__Material for the task__:
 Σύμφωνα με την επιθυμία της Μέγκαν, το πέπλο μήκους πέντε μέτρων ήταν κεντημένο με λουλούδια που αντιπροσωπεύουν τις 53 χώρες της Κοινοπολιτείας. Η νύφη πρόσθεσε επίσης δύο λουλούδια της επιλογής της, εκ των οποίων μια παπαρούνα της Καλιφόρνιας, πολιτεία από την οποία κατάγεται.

--

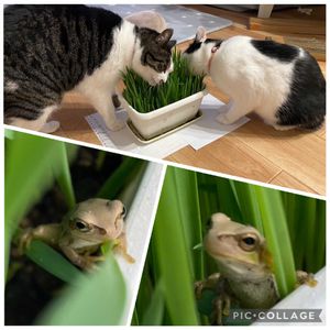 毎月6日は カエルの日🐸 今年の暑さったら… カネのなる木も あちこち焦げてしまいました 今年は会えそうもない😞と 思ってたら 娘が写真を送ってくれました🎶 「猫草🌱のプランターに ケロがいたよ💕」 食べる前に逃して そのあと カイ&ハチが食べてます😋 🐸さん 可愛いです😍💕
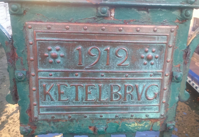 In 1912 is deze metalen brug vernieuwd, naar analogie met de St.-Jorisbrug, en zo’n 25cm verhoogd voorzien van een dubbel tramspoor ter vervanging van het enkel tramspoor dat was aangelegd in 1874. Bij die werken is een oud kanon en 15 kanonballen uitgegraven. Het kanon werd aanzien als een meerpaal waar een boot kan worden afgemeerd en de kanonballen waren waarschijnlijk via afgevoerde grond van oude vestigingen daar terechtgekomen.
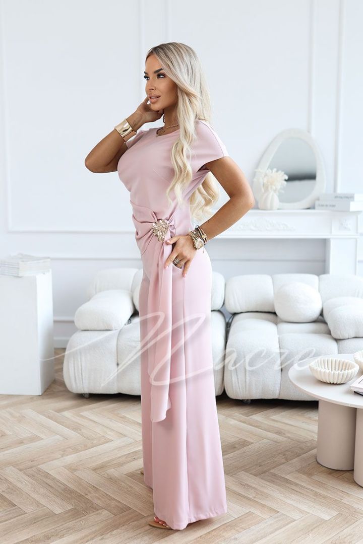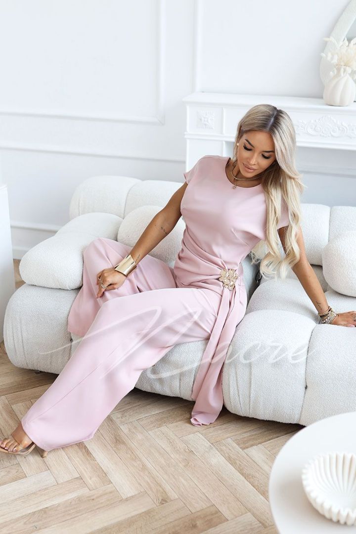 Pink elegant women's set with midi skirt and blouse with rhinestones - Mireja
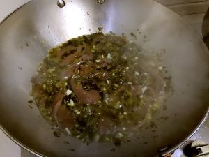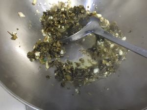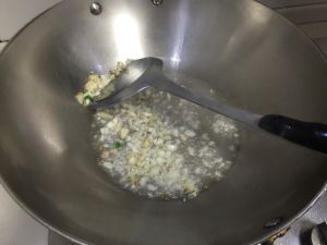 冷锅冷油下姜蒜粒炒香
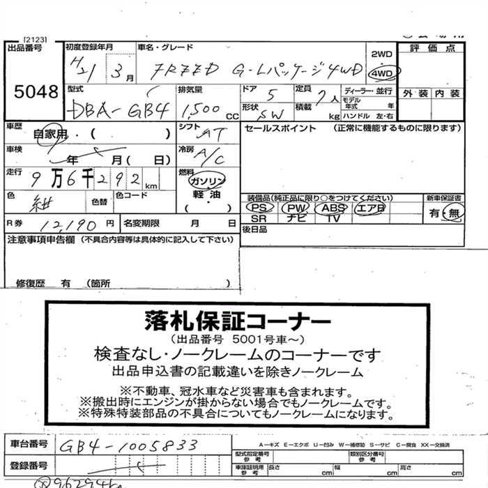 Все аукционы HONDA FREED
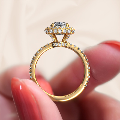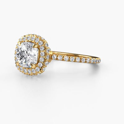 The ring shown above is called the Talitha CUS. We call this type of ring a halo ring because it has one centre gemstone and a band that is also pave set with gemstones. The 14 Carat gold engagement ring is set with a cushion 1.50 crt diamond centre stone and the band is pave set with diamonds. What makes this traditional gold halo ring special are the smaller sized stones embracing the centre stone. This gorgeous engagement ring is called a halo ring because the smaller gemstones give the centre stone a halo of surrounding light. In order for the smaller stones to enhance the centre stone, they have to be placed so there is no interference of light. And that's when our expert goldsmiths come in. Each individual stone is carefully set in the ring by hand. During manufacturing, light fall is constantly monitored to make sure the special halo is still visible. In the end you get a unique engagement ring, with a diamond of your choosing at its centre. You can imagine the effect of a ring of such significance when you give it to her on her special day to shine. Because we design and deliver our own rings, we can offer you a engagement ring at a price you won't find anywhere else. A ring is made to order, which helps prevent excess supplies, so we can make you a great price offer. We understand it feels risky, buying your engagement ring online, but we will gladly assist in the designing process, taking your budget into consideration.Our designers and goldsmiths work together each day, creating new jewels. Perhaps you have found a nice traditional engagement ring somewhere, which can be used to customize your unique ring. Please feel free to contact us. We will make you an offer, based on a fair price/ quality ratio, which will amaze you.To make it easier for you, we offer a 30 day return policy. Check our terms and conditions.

__Exercise description__: From the records above, write out exactly the lines that begin at the line with "Pink elegant women's" and end at the line with "Все аукционы HONDA FREED". Pictures must not appear in the output.

__Answer to this problem__:
 Pink elegant women's set with midi skirt and blouse with rhinestones - Mireja
 冷锅冷油下姜蒜粒炒香
 Все аукционы HONDA FREED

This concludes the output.